Images aside, the whole listing should be written out word for word.

=======

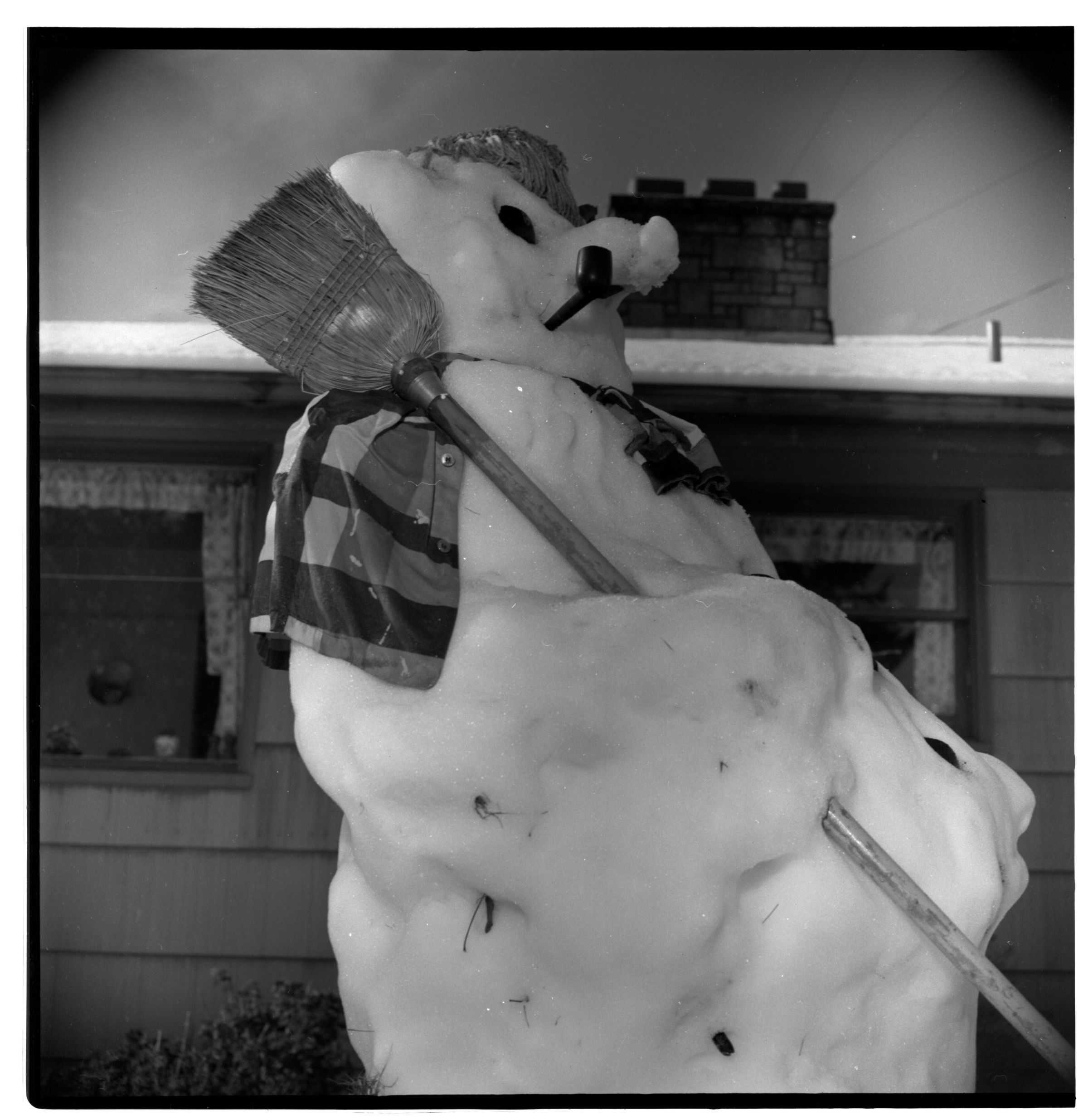 Negative, sheet film. 2 x 2 b&w. No. 781. OB Corp TV. Snowman at unknown location.
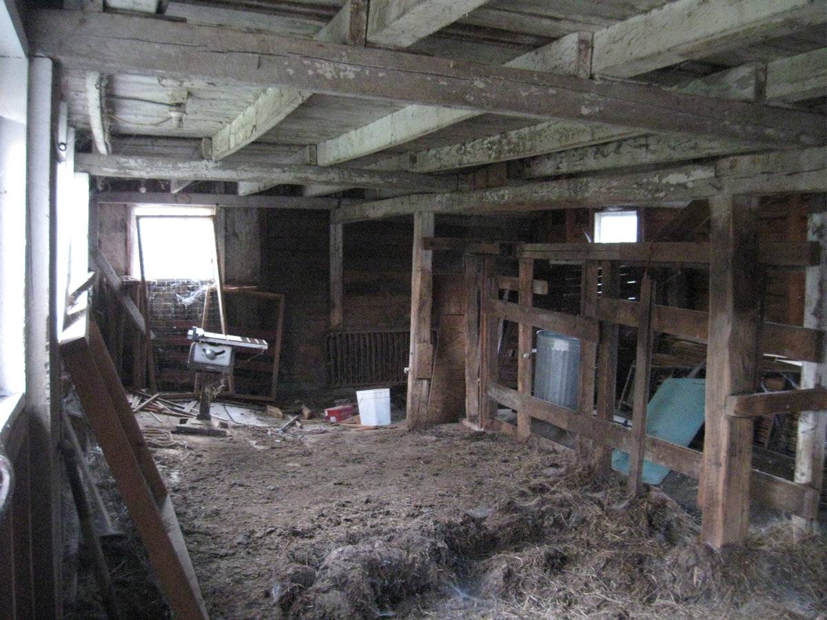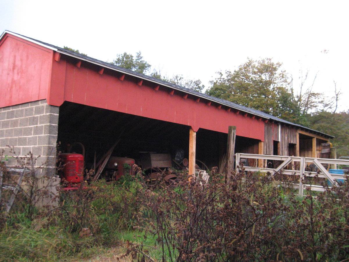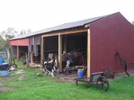 This is a 1 ½-story three-bay eave-entry English barn with several additional bays added to the east end, the easternmost being a school bus garage. The ground level of the western three-bay block has been adapted to use as a dairy cow stable, with the upper loft level remaining as a hay loft. The original frame is obscured on the interior but is visible from inside the hay loft.
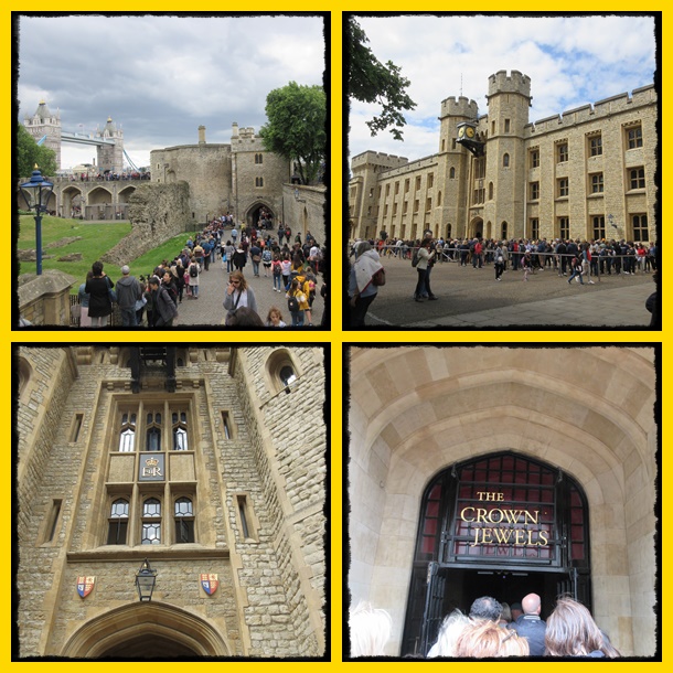 Sepanjang antrian dalam gedung, ada banyak gambar dan kisah tentang kehidupan kerajaan Inggris. Koleksi Crown diletakkan di penghujung Gedung ini. Memang luar biasa koleksi crown yang ditampilkan. Dihiasi mutiara, diamond dan batu2 mulia lainnya yang pastinya mahal banget. Koleksinya berada di dalam kotak kaca. Pengunjung bisa melihatnya dengan elevator berjalan, baik di kanan dan kiri. Jika kurang puas, masih bisa balik arah dan kembali ke elevator. Di sini tidak boleh memotret dan mengambil video.
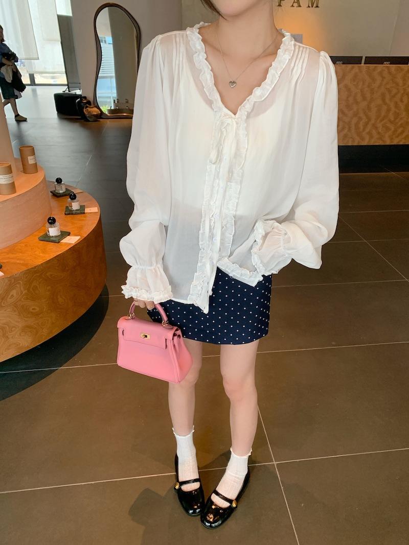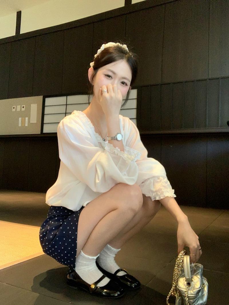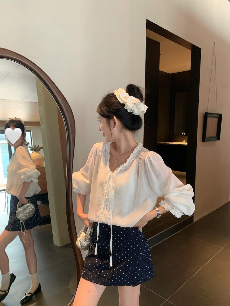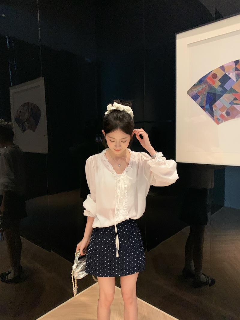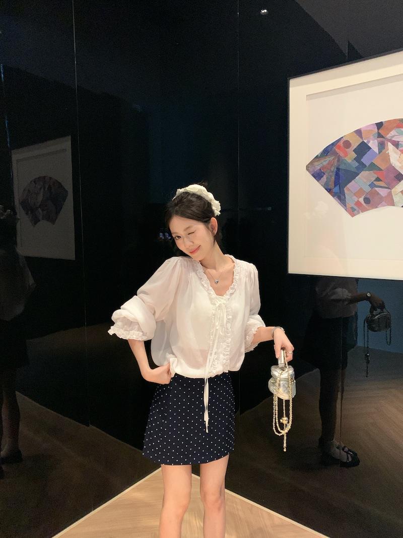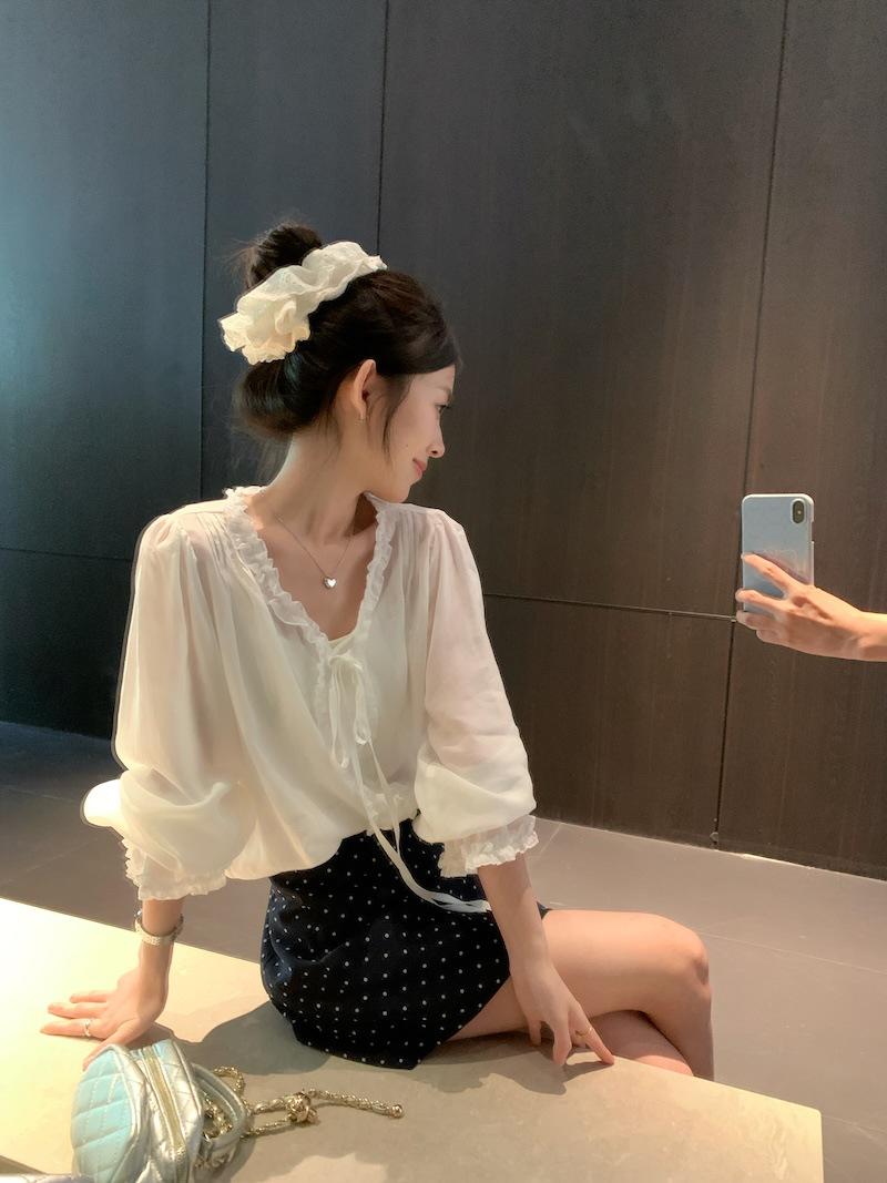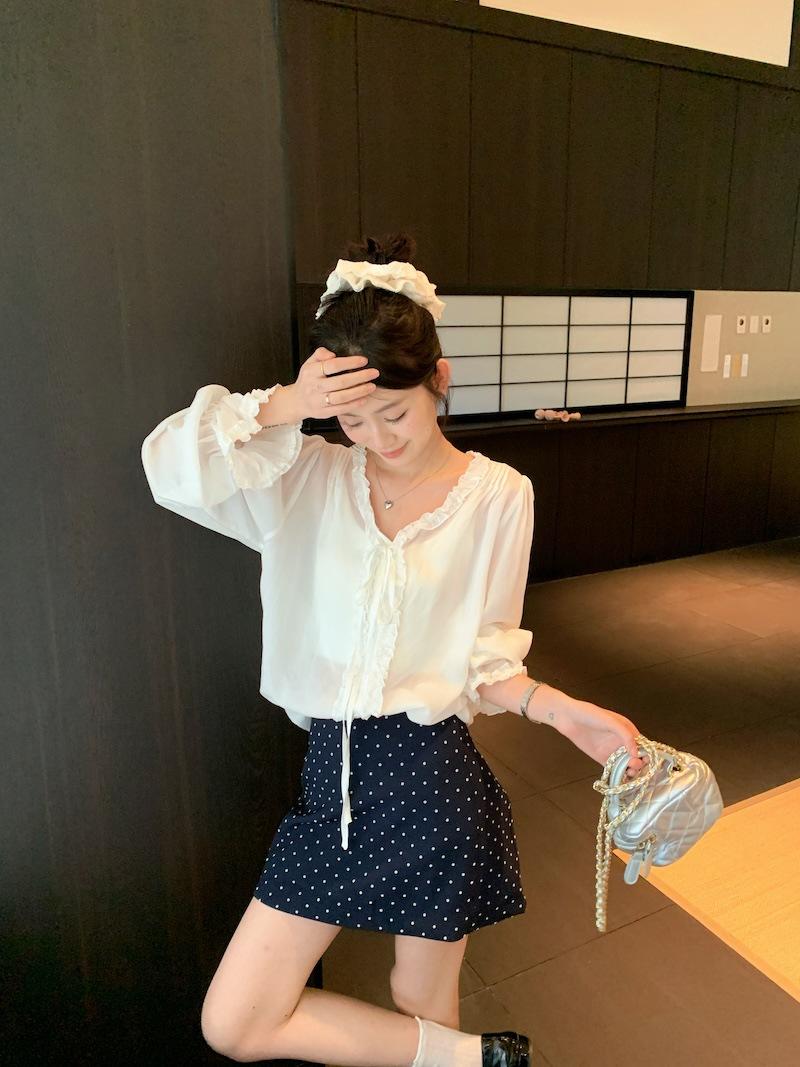 Conjunto Pequeño Estilo Coreano de Tiro Real Camisa con Volantes y Cuello en V Falda Midi de Lunares Conjunto Exquisito de Dos Piezas Súper Atractivo Ropa de Mujer
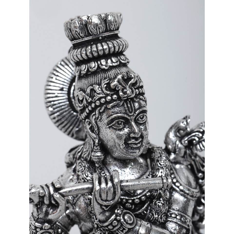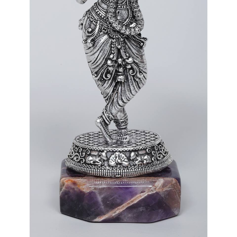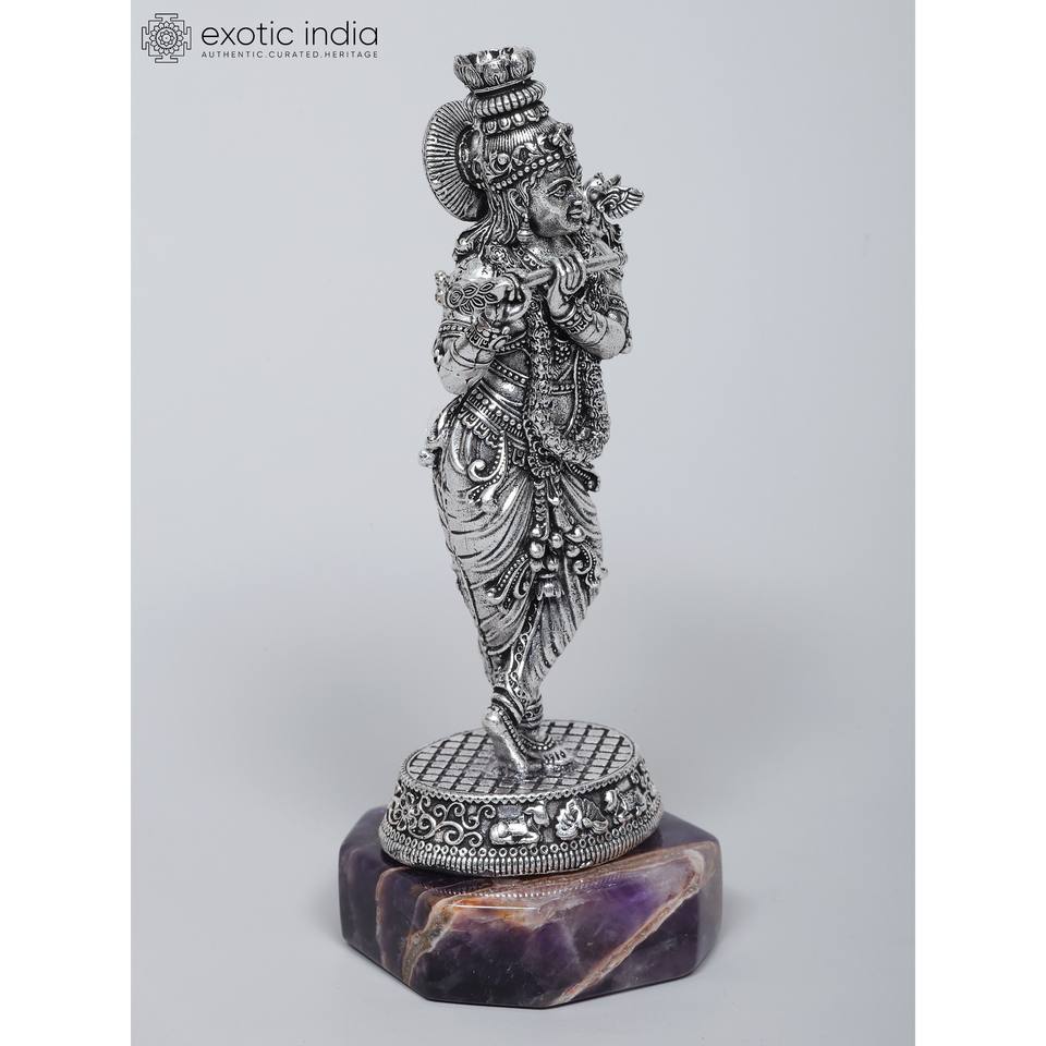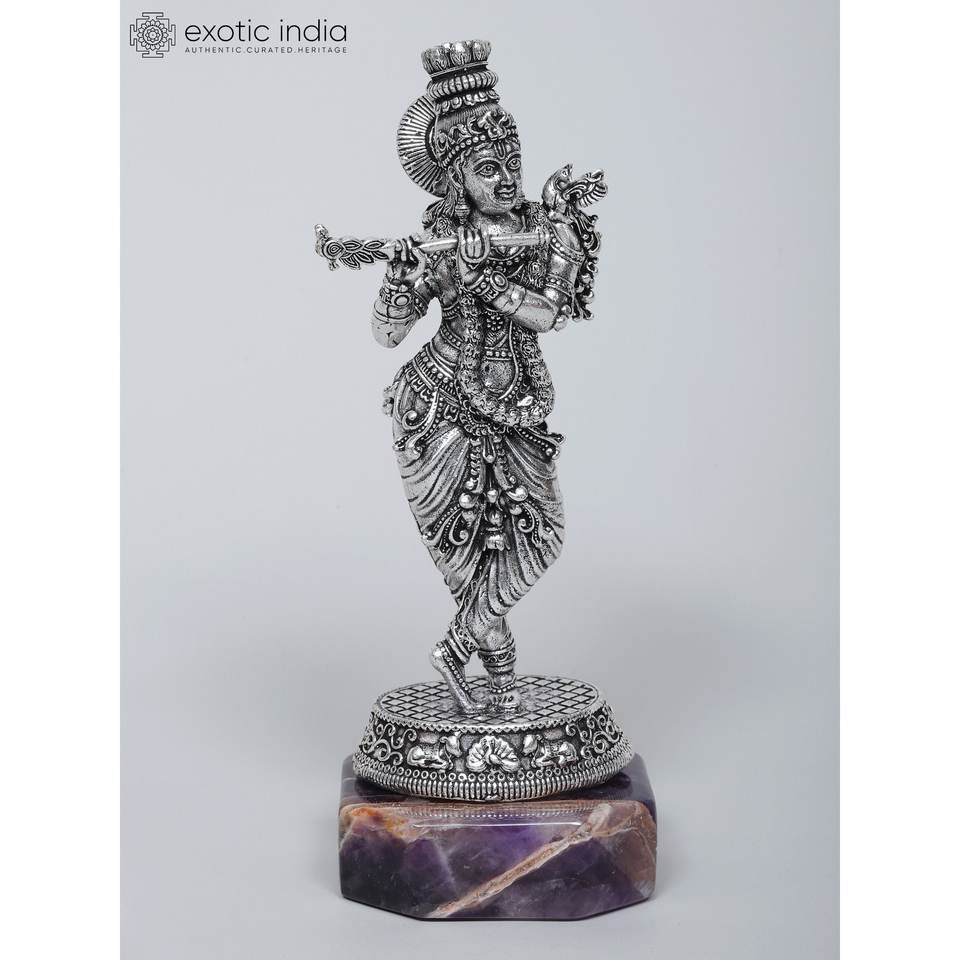 ทำด้วยมือ6 "รูปปั้นทองเหลืองขนาดเล็กของพระกฤษณะที่มีการสะบัดละเอียดมากบนฐานพลอยอเมทิสต์

=======

- **RESULT**
 Negative, sheet film. 2 x 2 b&w. No. 781. OB Corp TV. Snowman at unknown location.
 This is a 1 ½-story three-bay eave-entry English barn with several additional bays added to the east end, the easternmost being a school bus garage. The ground level of the western three-bay block has been adapted to use as a dairy cow stable, with the upper loft level remaining as a hay loft. The original frame is obscured on the interior but is visible from inside the hay loft.
 Sepanjang antrian dalam gedung, ada banyak gambar dan kisah tentang kehidupan kerajaan Inggris. Koleksi Crown diletakkan di penghujung Gedung ini. Memang luar biasa koleksi crown yang ditampilkan. Dihiasi mutiara, diamond dan batu2 mulia lainnya yang pastinya mahal banget. Koleksinya berada di dalam kotak kaca. Pengunjung bisa melihatnya dengan elevator berjalan, baik di kanan dan kiri. Jika kurang puas, masih bisa balik arah dan kembali ke elevator. Di sini tidak boleh memotret dan mengambil video.
 Conjunto Pequeño Estilo Coreano de Tiro Real Camisa con Volantes y Cuello en V Falda Midi de Lunares Conjunto Exquisito de Dos Piezas Súper Atractivo Ropa de Mujer
 ทำด้วยมือ6 "รูปปั้นทองเหลืองขนาดเล็กของพระกฤษณะที่มีการสะบัดละเอียดมากบนฐานพลอยอเมทิสต์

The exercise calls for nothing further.